- EXERCISE:
For this exercise, return only the lines in the records below from the one holding "Although this drawing" through the one holding "6月17日下午,海南省地质局", including both, exactly as they appear and without pictures.

DATA section start

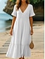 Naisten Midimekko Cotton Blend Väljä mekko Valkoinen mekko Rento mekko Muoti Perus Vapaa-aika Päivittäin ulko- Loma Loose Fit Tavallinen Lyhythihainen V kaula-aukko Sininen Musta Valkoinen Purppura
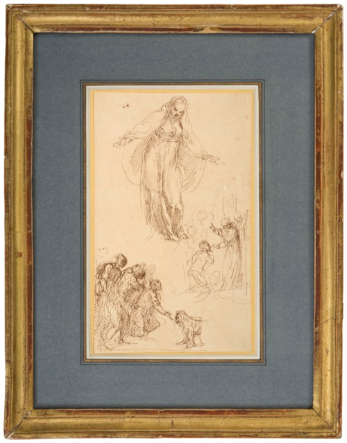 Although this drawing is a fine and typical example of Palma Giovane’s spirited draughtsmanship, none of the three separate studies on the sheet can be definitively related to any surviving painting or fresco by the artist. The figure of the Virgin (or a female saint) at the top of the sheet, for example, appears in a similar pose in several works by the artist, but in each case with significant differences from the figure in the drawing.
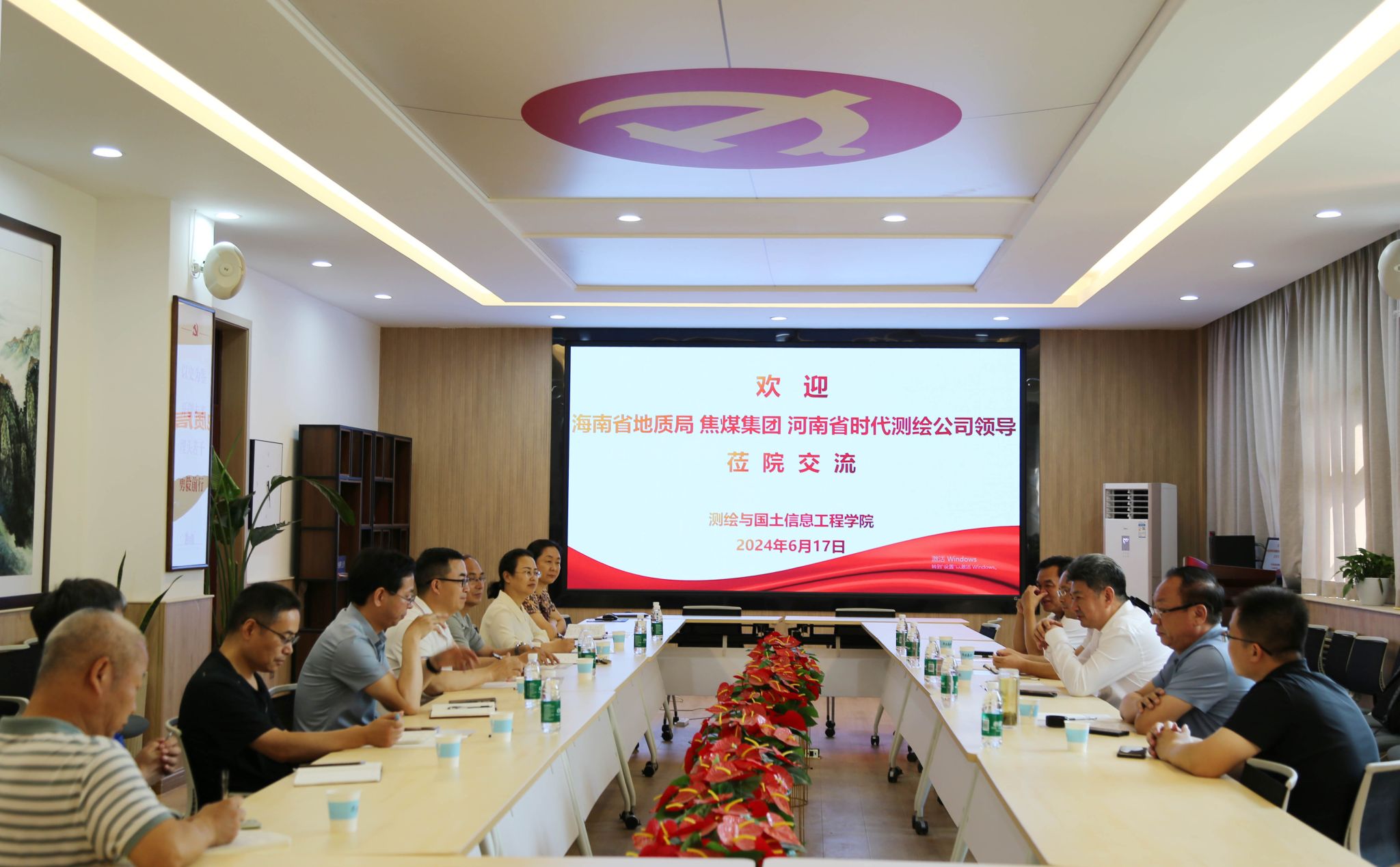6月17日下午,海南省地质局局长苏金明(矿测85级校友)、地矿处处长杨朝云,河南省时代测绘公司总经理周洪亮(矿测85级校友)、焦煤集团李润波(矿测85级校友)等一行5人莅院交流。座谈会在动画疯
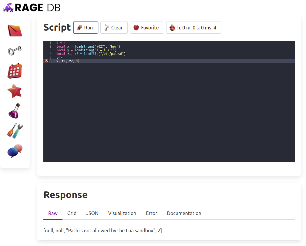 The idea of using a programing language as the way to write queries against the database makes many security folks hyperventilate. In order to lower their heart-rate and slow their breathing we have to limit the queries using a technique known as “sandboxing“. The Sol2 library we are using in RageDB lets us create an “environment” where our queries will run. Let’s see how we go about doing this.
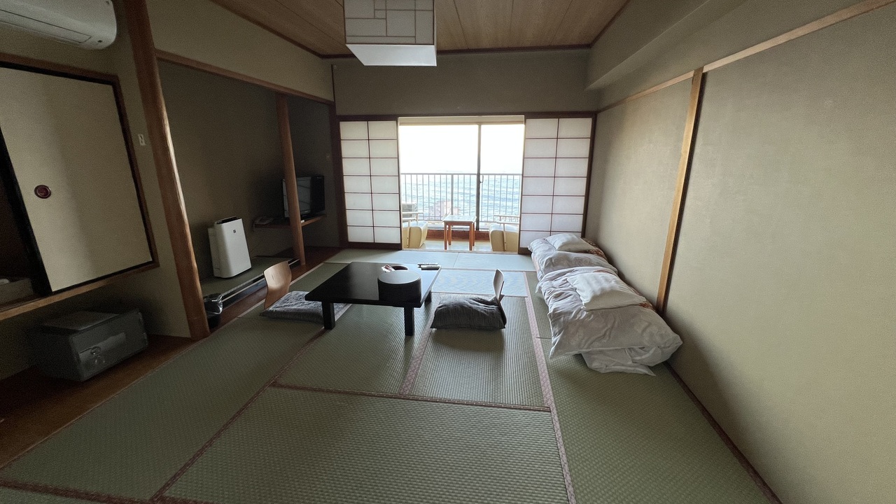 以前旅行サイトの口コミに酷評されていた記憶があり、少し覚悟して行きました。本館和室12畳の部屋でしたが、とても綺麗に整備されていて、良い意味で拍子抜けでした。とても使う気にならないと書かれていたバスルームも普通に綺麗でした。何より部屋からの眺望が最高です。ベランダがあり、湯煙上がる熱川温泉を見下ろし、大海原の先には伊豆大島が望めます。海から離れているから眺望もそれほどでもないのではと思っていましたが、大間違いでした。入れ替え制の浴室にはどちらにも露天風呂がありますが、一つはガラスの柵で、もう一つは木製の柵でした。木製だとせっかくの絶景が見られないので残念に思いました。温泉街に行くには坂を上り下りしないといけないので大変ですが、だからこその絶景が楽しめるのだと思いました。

DATA section end
DATA section start

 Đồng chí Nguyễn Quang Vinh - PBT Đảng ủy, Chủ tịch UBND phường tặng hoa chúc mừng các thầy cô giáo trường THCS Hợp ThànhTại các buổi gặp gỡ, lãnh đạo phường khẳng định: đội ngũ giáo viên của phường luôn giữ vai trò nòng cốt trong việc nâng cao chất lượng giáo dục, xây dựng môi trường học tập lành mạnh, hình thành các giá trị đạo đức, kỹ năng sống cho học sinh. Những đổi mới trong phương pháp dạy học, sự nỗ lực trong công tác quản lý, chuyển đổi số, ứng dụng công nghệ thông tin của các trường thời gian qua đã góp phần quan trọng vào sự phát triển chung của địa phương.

DATA section end
DATA section start

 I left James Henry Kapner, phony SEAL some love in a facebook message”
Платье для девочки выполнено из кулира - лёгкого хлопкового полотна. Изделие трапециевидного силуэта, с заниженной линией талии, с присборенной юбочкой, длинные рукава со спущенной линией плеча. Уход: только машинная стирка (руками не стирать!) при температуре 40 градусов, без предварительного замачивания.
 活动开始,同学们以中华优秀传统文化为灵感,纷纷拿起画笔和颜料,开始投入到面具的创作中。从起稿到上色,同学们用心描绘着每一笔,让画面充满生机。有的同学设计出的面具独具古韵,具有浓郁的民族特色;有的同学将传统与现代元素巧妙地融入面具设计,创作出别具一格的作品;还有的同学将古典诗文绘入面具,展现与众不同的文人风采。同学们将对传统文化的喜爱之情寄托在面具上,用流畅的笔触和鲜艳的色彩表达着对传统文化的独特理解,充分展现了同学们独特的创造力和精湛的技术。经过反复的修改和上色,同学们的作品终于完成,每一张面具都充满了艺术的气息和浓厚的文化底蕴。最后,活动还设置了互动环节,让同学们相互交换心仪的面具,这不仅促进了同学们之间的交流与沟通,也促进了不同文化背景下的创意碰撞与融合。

DATA section end

- TASK SOLUTION:
 Although this drawing is a fine and typical example of Palma Giovane’s spirited draughtsmanship, none of the three separate studies on the sheet can be definitively related to any surviving painting or fresco by the artist. The figure of the Virgin (or a female saint) at the top of the sheet, for example, appears in a similar pose in several works by the artist, but in each case with significant differences from the figure in the drawing.
6月17日下午,海南省地质局局长苏金明(矿测85级校友)、地矿处处长杨朝云,河南省时代测绘公司总经理周洪亮(矿测85级校友)、焦煤集团李润波(矿测85级校友)等一行5人莅院交流。座谈会在动画疯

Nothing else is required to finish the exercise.